Kuracağım size harç koymadan, ölçüp biçmeden
Yok edemeyeceğiniz bir yapı,
Bir köpüren belirginlikle
Dayanacak ve şişecek, burnunuza anıracak bir yapı,
Hem de donmuş burnuna Partenonlarınızın, Arap
ve Ming sanatlarınızın.
Dumanla, sıvıya dönüşmüş sisle
Ve davul derisinin sesiyle
Kaleler kuracağım size göz kamaştıran,yamyassı eden,
Karşılarında sizin kaç bin yıllık düzeniniz ve
hendeseniz
Bir saçmalık, bir zırva, bir nedensiz toz kesilecek.
Ölüm, ölüm!
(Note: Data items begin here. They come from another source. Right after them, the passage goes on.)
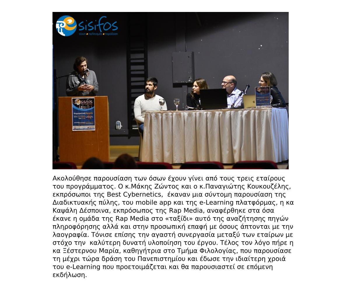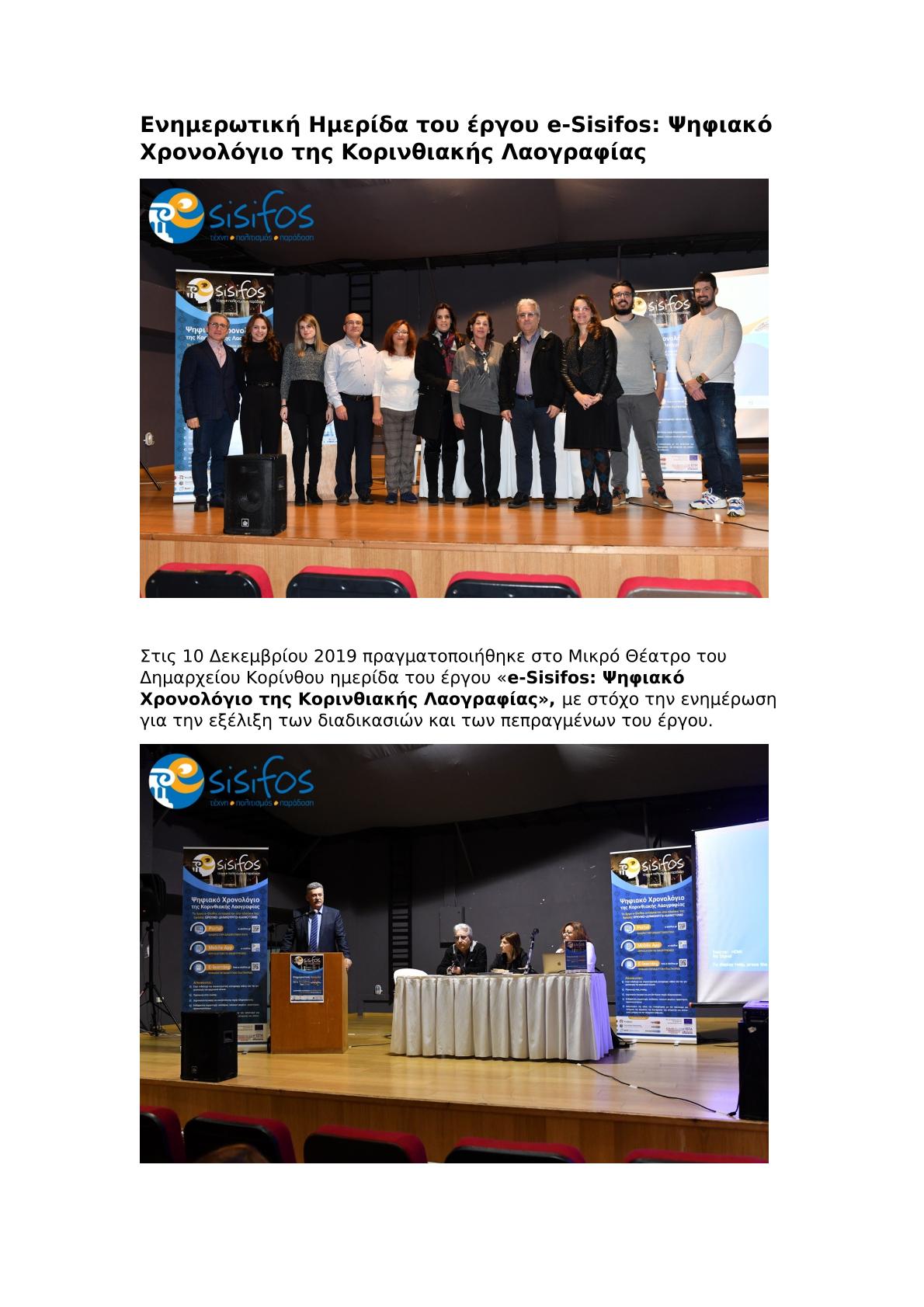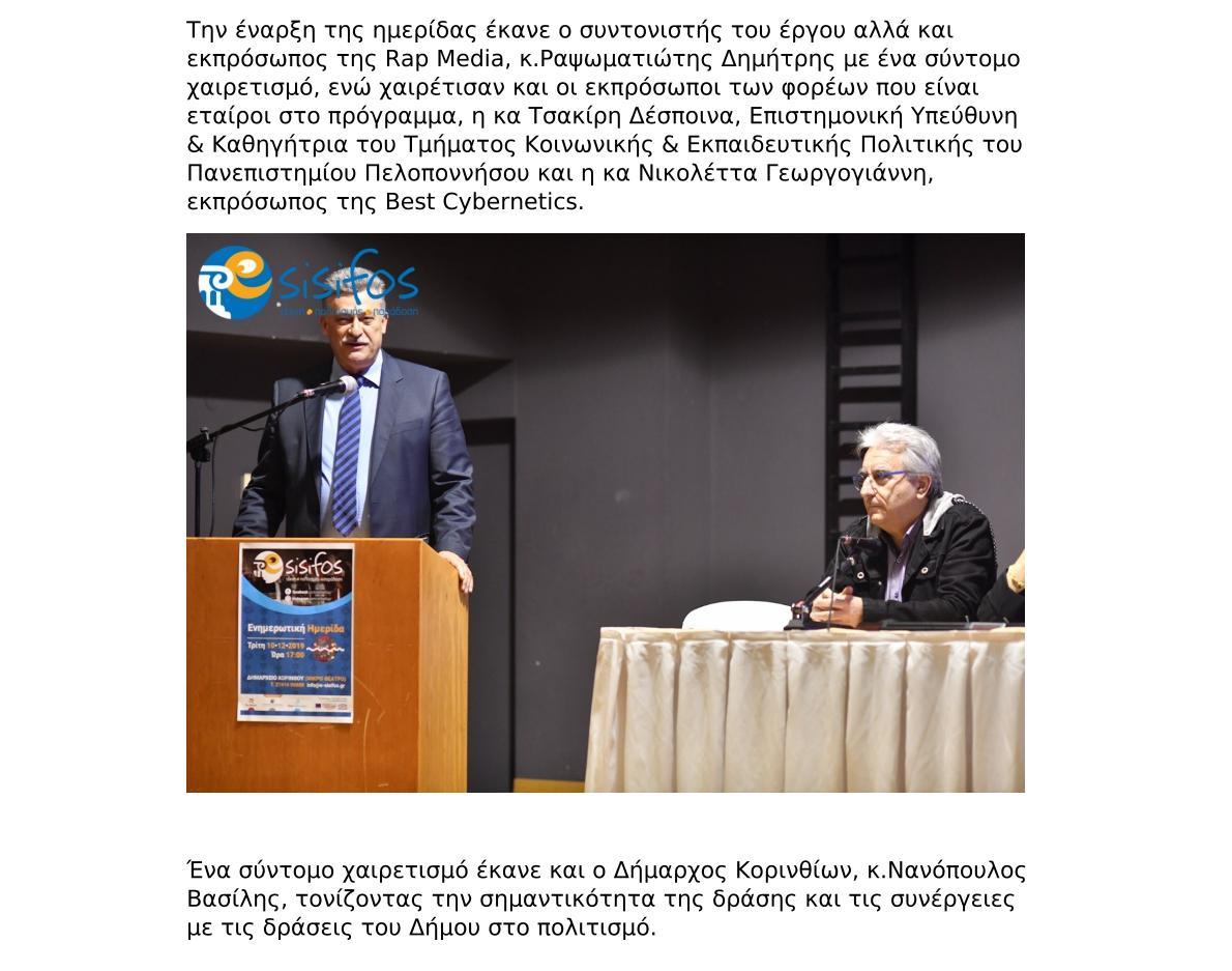 Χαιρετισμός του Δημάρχου Κορινθίων, Βασίλη Νανόπουλου, στην ενδιάμεση Ημερίδα του προγράμματος e-Sisifos: Ψηφιακό Χρονολόγιο της Κορινθιακής Λαογραφίας.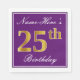 Este sencillo y elegante diseño de servilletas de papel presenta un mensaje como "Nombre: 25 cumpleaños" (el "25" tiene un falso color dorado) dentro de un área cuadrada de color púrpura con un simple contorno fronterizo. El nombre está en un texto similar a un guión de color blanco y se puede personalizar. Las servilletas como estas podrían ser usadas en una fiesta de cumpleaños para alguien que está celebrando su 25º cumpleaños. [~Z0000140]
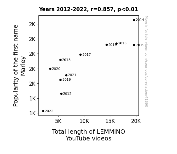This means 73.5% of the change in the one variable (i.e., Total length of LEMMiNO YouTube videos) is predictable based on the change in the other (i.e., Popularity of the first name Marley) over the 11 years from 2012 through 2022.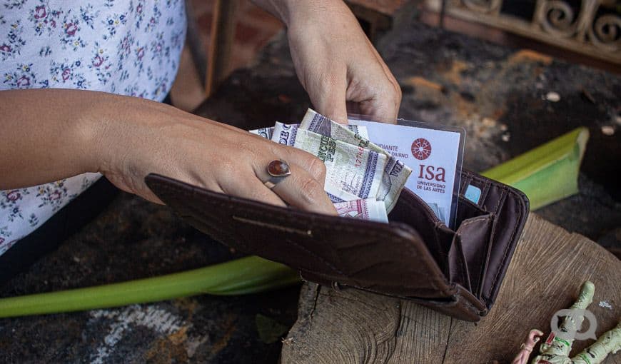Esta asistente de producción recién había cobrado. Guarda un candado pequeño en su monedero. «Así no se me va el dinero». Foto: Yaritza Guirado Alejo.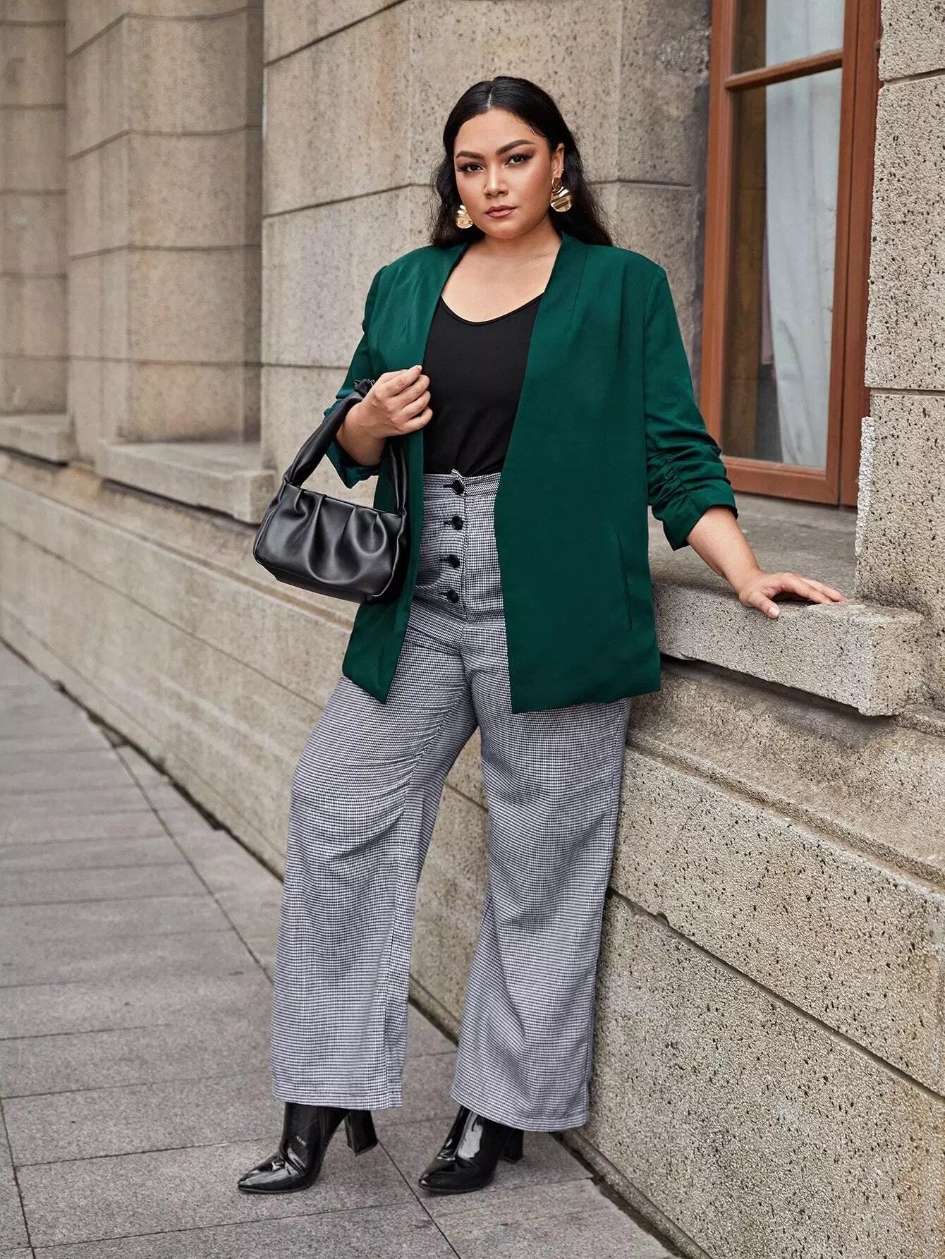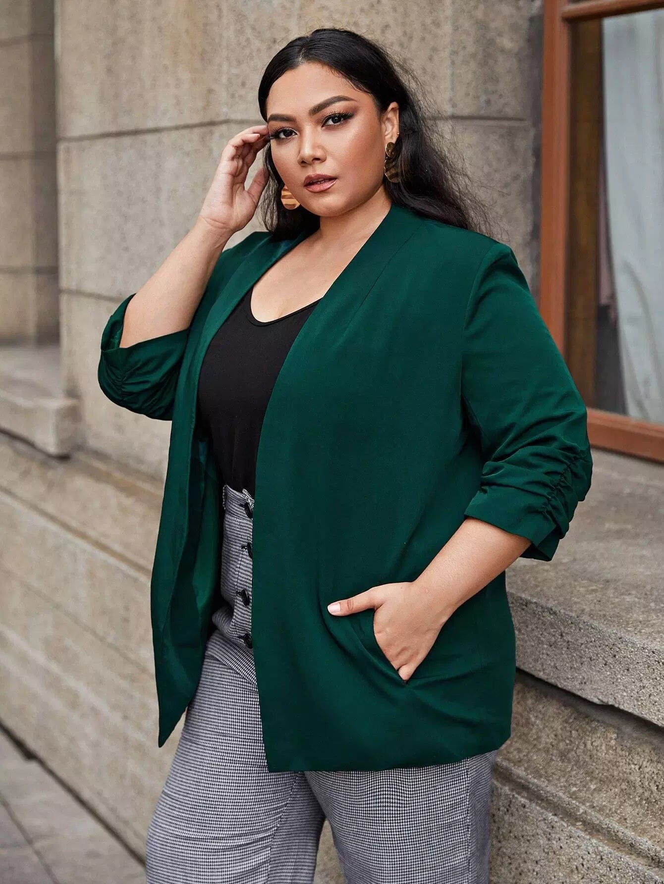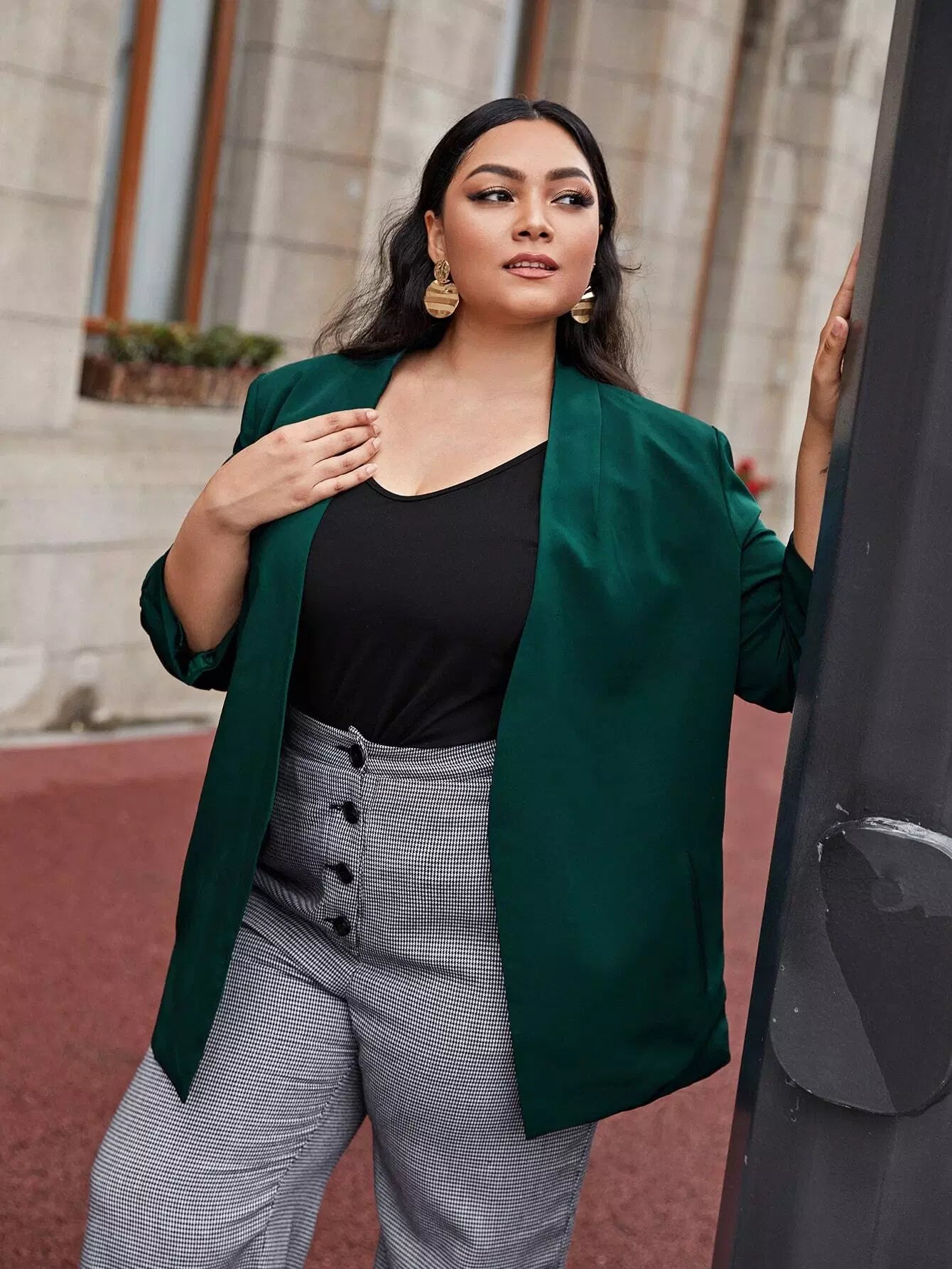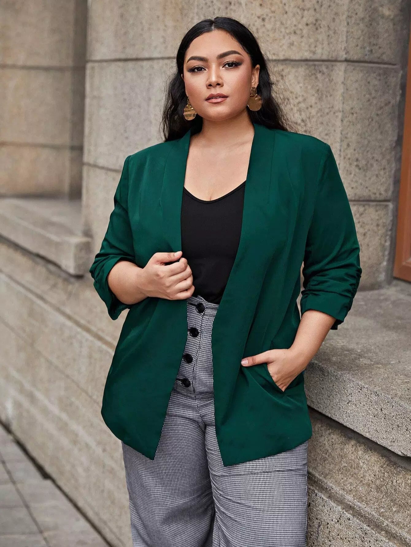سترة بلايز بجيب مائل مفتوح من الأمام مفتوح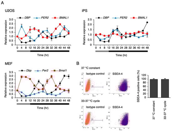 We attempted to clarify whether a circadian rhythm is elicited in hiPSCs when cultured under the simulated rhythms of body temperature, which is another synchronization factor for circadian rhythm. The human body temperature fluctuates between 36.5 °C and 37.5 °C, daily [28]. In the cultured cells, the circadian rhythm of clock gene expression was synchronized, even at a temperature fluctuation of 1 °C, while larger fluctuations like 4 °C synchronized it more efficiently [29]. We used the reliable protocol of 33 °C for 12 h and then 37 °C for 12 h to determine the presence or absence of the rhythms clearly. Consistent with the previous report, U2OS cells and mouse embryonic fibroblasts (MEFs) showed circadian rhythms in the genes expressed under this protocol (Figure 6A). Surprisingly, the circadian-like rhythm of DBP expression was observed in the hiPSCs. However, such rhythms were not observed in PER2 and BMAL1 expression (Figure 6A). To track this rhythm more clearly, DBP expression was measured at every 1 h interval in hiPSCs, and the data are shown in the Supplementary Figure S1. Significant rhythmicity (p < 0.01) was observed in the DBP expression with an acrophase of 20.5 h. Next, we checked whether the circadian-like rhythm of DBP expression depends on the exit from pluripotency in hiPSCs under this protocol. As a result, the percentage of SSEA-4-positive cells was similar between the cells cultured at 37 °C constantly, or those at 33–37 °C after culturing for 6 days (Figure 6B), showing that hiPSCs did not exit from pluripotent state by culturing them under this temperature rhythm.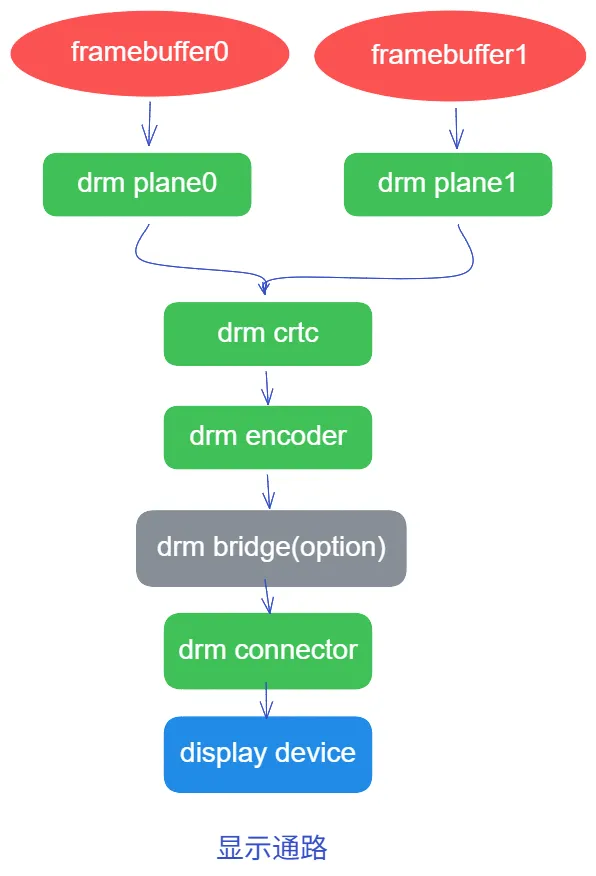 DRM 通用模型 (软件抽象层),可以把这一套理解为 “流水线上的四个工位”,数据流向是: Plane -> CRTC -> Encoder -> Connector -> Panel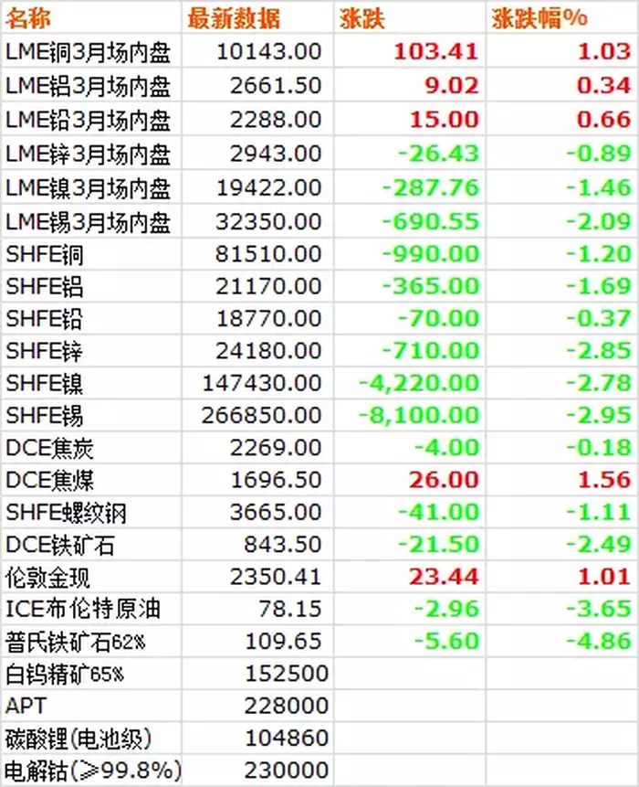 6月3日,LME六种基本金属价格涨跌互现,铜涨幅居前,锡跌幅居前。三月期铜价收于10143美元/吨,上涨1.03%。三月期铝价收于2661.5美元/吨,上涨0.34%。三月期铅价收于2288美元/吨,上涨0.66%。三月期锌价收于2943美元/吨,下跌0.89%。三月期锡价收于32350美元/吨,下跌2.09%。三月期镍价收于19422美元/吨,下跌1.46%。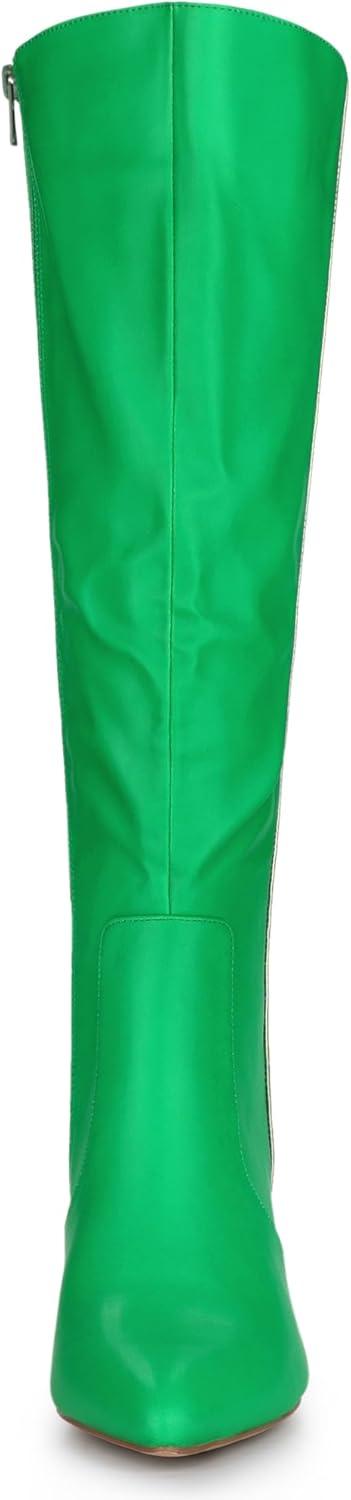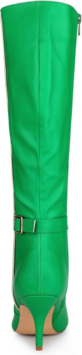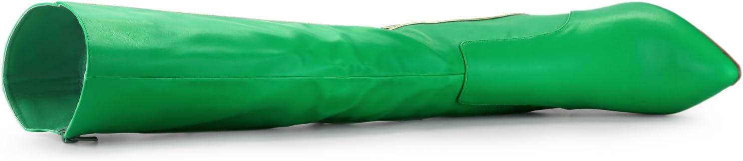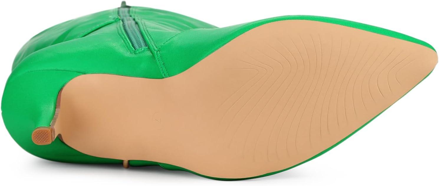 Allegra K Women's Pointy Toe Buckle Stiletto Heel Knee High Boots(Grass Green)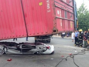 На днях в одном провинциальном китайском городке с грузовика свалился контейнер. Прямо на проезжавшую рядом машину, расплющив ее в лепешку.
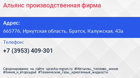 Альянс, производственная фирма по адресу 665776, Иркутская область, Братск, Калужская, 43а в дальнейшем Организация, размещена в следующих категориях:

Ölüm hepinize, yaşayanlara hiçlik!
Evet! İnanırım Tanrı'ya! O bilmiyor bunu elbette!
İnanç, ilerlemeyen için aşınmaz pençe,
Dünya! Ah o boğulmuş dünya, soğuk karın!
Bir simge bile değil, hiçlik hep! Karşıyım, karşıyım
Karşıyım ve gebermiş köpeklerle besliyorum seni.
Tonlarla, anlıyor musunuz, tonlarla koparacağım
Sizin dirhem dirhem esirgediğinizi benden.
Yılanın zehiri can yoldaşıdır onun,
Can yoldaşıdır ve bilir gerçek değerini.
Kardeşler, cehennemlik kardeşlerim benim,
güvenle gelin ardımdan.
Kurt dişleri kurda saldırmaz,
Saldırdığı koyun etidir.
Karanlıkta daha açık göreceğiz, kardeşlerim.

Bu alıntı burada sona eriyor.